The Montclair Kimberley Academy, New Jersey, USA
The volume under review furnishes the fourth such collection published in the Wiley-Blackwell series 'The Ancient World: Comparative Histories'. The present gathering includes twenty-two papers, first delivered during a workshop at Brown University in December 2006, on various aspects of the complex relationship between 'epic' and 'history' across a wide range of cultures from all corners of the globe. As such, not all of the contributions are likely to pique the interest of Classicists, and so, in the compass of this brief review, I will accordingly devote the majority of my comments to those four pieces which do specifically treat the epics of Greece and Rome. (Those interested can find a full list of authors and titles online at the publisher’s website.)
In their brief introduction to the volume as a whole (pp. 1-6), the editors address the difficulties inherent in any comparative study (including the question of whether a comparison is even valid in the first place). In particular, Konstan and Raaflaub consider the interaction between orality and literacy in the rise of heroic epic, as well as the role which epic plays in the development of historical memory. Having established this hermeneutical framework, they outline the contents of the five sets of questions which the contributors were requested to consider as they composed their individual papers. It is left unclear, however, whether these comparisons were to be within and / or across the various cultures (compare, for example, C. M. Bowra’s Heroic poetry , cited by only one of the contributors). Even more troubling is the absence here of the term 'myth': indeed, by the end of the introduction, the collection appears to have evolved from a study on the problems of 'epic and history' into one on the problems of 'epic and historicity' (p. 5).
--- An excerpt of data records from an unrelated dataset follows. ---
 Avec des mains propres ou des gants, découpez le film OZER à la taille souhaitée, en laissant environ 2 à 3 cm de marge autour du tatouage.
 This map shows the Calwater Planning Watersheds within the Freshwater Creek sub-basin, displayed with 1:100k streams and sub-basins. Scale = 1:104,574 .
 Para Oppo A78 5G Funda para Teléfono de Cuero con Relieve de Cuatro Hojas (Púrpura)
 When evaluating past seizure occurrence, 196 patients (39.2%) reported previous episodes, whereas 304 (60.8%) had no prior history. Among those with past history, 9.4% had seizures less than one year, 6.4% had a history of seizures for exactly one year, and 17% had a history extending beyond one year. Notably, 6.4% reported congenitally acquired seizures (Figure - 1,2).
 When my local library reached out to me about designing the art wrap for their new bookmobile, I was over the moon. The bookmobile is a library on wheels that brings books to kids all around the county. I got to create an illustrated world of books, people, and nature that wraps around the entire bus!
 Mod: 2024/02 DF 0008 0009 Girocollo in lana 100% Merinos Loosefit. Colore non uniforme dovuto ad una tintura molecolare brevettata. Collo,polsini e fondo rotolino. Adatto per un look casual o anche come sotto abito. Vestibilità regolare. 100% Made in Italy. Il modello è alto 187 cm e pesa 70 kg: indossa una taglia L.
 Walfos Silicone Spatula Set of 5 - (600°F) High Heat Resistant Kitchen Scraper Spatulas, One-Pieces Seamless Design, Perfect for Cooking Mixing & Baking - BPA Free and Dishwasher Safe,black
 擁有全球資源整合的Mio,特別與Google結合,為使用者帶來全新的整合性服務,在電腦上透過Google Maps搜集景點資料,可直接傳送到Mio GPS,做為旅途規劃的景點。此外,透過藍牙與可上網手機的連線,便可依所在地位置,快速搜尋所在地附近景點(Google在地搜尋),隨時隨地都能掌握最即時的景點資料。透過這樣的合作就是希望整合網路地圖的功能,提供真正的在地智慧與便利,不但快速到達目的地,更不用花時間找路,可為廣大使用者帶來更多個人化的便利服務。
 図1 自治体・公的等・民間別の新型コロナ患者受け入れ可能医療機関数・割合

The first set of papers (Chapters 2-7) examines epic in the ancient Near East (including texts in Sumerian, Akkadian, Hittite, Hurrian, and Hebrew) and ancient India (the Mahabharata, in Sanskrit). Michalowski (pp. 7-25) initiates this phase of the investigation with a lucid and insightful overview of the literary and historical context(s) for the Sumerian epics, which recount the lives and deeds of three fictionalized kings of Uruk: Enmerkar, Lugalbanda, and Gilgamesh; Westenholz (pp. 26-50) continues this analysis of Mesopotamian epic with a similar treatment of the extant compositions about Sargon and Naram-Sin, two early kings of Akkade. Thereafter, Gilan (pp. 51-65) attempts to explain why the Hittites appear to have preferred 'imported heroes in ‘translation’' (p. 57) to local heroes, while Bachvarova (pp. 66-85) builds on her earlier work on the Hurro-Hittite Song of Release with a further investigation into the generic variety inherent in the text, as well as its relationship to the similar generic variety in Homer and Hesiod. Niditch (pp. 86-102) shifts the focus to the Israelite tradition through a study of the 'text, texture, and context' (p. 86) of Judges; Fitzgerald (pp. 103-21) then moves on to ancient India with an intriguing account of the circumstances surrounding the evolution of the Great Bharata.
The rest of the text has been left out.